Even now, she still cannot say exactly what happened in the minutes after her father stepped outside his home. “There are conflicting accounts between a security camera and the military investigation we received. It was not a military incident, and the army was not obligated to investigate it, but they did it simply to give the families a little certainty,” she says.
“I know he was murdered around 7:09 a.m. He went out wearing flip-flops, Bermuda shorts and a white tank top. The last two messages he sent were to his employees. He wrote that he was going out to bring everyone who did not have a safe room to his apartment. One employee wrote to him, ‘They ruined Simchat Torah for us,’ and he replied, ‘Nothing will ruin Simchat Torah.’ That was the last message he ever sent.”
She continues: “His car was parked right by the entrance gate. He could not see the road because scaffolding was blocking the view, and it turned out the terrorists had parked right outside his home. Fifteen terrorists decided to stop there and unload their weapons. He took a few steps, and that was it.
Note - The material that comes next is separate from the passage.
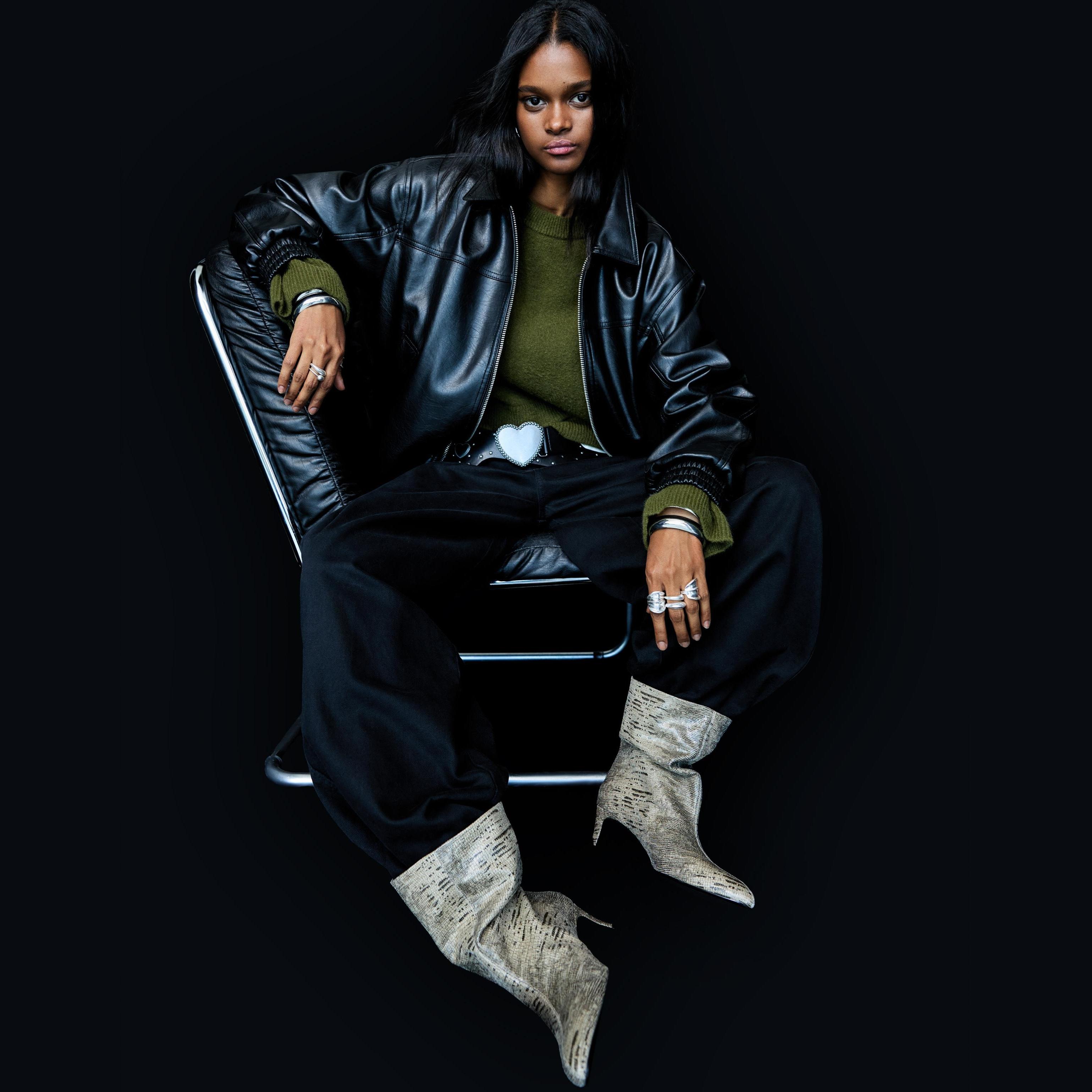 - معلومة إضافية: العارضة بطول 178 سم وترتدي مقاس S

There is a video in which you can see him exchanging looks, looking somewhere, and then after a few seconds, he simply falls.
"I don’t know how many bullets they fired at him, or where they even shot him. All I can picture is him trying to make it back home and not making it. That image still comes back to me many times. I try to convince myself that even though he was alone, he still felt loved and appreciated.”
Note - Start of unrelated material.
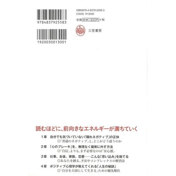 【商品説明】 定価(税込み):1,404円 値引き:10% OFF なぜ、“元気”が出ないのか?感情が“暴走”してしまうのか?すぐに“行動”できないのか?--その原因は「隠れネガティブ」にある!ポジティブ心理学の日本における第一人者が教える、心の奥底にある「隠れネガティブ」を解消し、強くしなやかなマインドを育てる法。 バーゲンブック 新品 特価 格安 ビューティー&ヘルス メンタルヘルス 心理 ビューティー ヘルス 理学 日本 | |

A father before everything

Avi Zakuto was born in 1970 in Istanbul, Turkey, and immigrated to Israel with his parents as a baby. He grew up in Be'er Sheva, studied at Makif Daled High School and enlisted in the IDF, where he served as an instructor at Training Base 7. Throughout his life, he was responsible, deeply present and unwavering, someone who never looked for shortcuts or gave up on himself or the people around him
He passed that same sense of action and commitment on to his children: Adi, who is now studying medicine, and her younger brother, Liad, 20, who serves in the IDF as a military paramedic. Both chose paths of care, service and being there when needed.
9 View gallery
אבי זקוטו אופקים עדי זקוטו 7 באוקטובר
אבי זקוטו אופקים עדי זקוטו 7 באוקטובר
The terrorists parked near his home. Avi Zakuto z"l
“My father was my hero since childhood. He was the most full-of-life person I ever met. There was not a single time he entered a room without a huge smile from ear to ear. No matter what happened, he always spread goodness. He would call himself ‘beautiful, smart and modest Avi,’” she says.
“I know people say this about everyone, but it really was the thing that defined him most. He had a simply mesmerizing smile, and he demanded smiles back from people. He was my brother’s and my biggest fan. He always spoke about us with pride.”
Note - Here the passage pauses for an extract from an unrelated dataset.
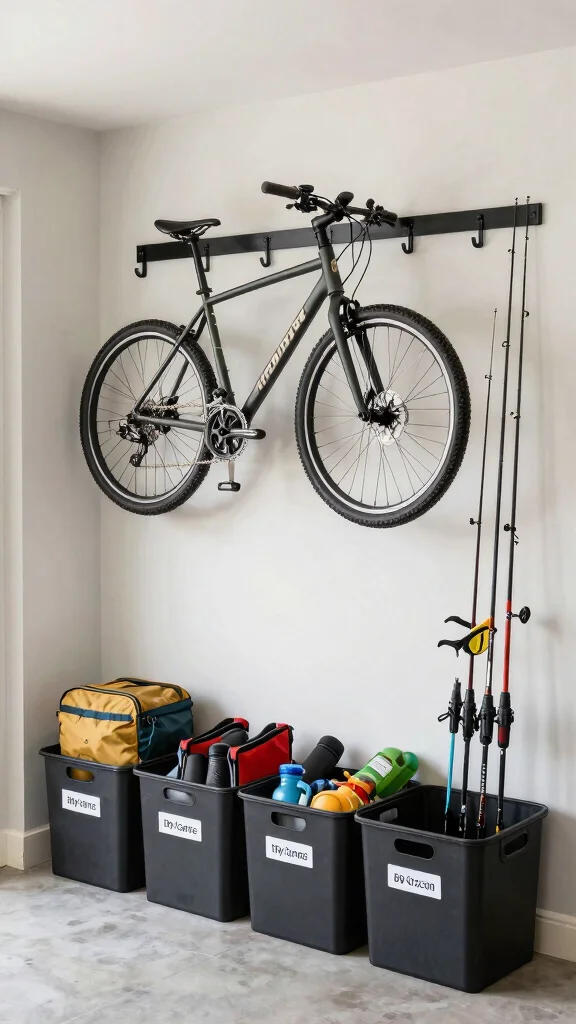 – Use wall racks for hanging larger gear like bikes

When she was 13, her parents began separating, and young Adi had to cope with a new reality. “It was a pretty ugly divorce,” she says. “I was very involved in it, and at some point I distanced myself because I couldn’t handle it anymore. We were not in touch for a while. In retrospect, that was the turning point in our relationship.
"My father really fought for me. He said that no matter what, he would always be there for me. We worked very hard on our relationship. We did not take it for granted. We had all kinds of small routines: We would meet twice a week and go to the same restaurant, eat the same food and talk about things. We decided we would not talk about the divorce until we were ready. In recent years, we did everything together.”
At the same time, the dream of becoming a doctor had always been present in her life. From a young age, she was a Magen David Adom girl, spending her days on shifts, early preparation for the profession she had chosen as a child.
“I was an instructor my whole life. After the divorce, my father decided to sign up for a medic course, which I ended up teaching,” she says with a smile. “He was one of those annoying trainees who always sit and play on their phones, but he also learned. We did several shifts together, and I still have those photos.
9 View gallery
אבי זקוטו אופקים עדי זקוטו 7 באוקטובר
אבי זקוטו אופקים עדי זקוטו 7 באוקטובר
Avi Zakuto and his daughter Adi. Shared a close father-daughter bond
"My brother Liad is a military paramedic. He always laughed at me and said he would never become a doctor, but he made his own magical journey. On October 7, he was already in the middle of his paramedic course. Today, he is a military paramedic in the West Bank.”
In October 2023, Adi was supposed to begin her third year of medical school. Despite the tragedy that struck her, she had no doubts. “My father always pushed me toward it and told me not to give up, so I knew leaving my studies was not an option. I felt it would keep me mentally sane and that I was doing it for him. I am now in my fifth year. I’m still not sure what I want to specialize in.”
After burying her father and sitting shiva, she found herself unable to stay still. “I went into a kind of mission mode,” she says. “I felt I had to get out of the house. Everything that happened was much bigger than me, and I could not deal with only my personal grief. I also knew my father was among the first people who would have jumped up and done everything for everyone.”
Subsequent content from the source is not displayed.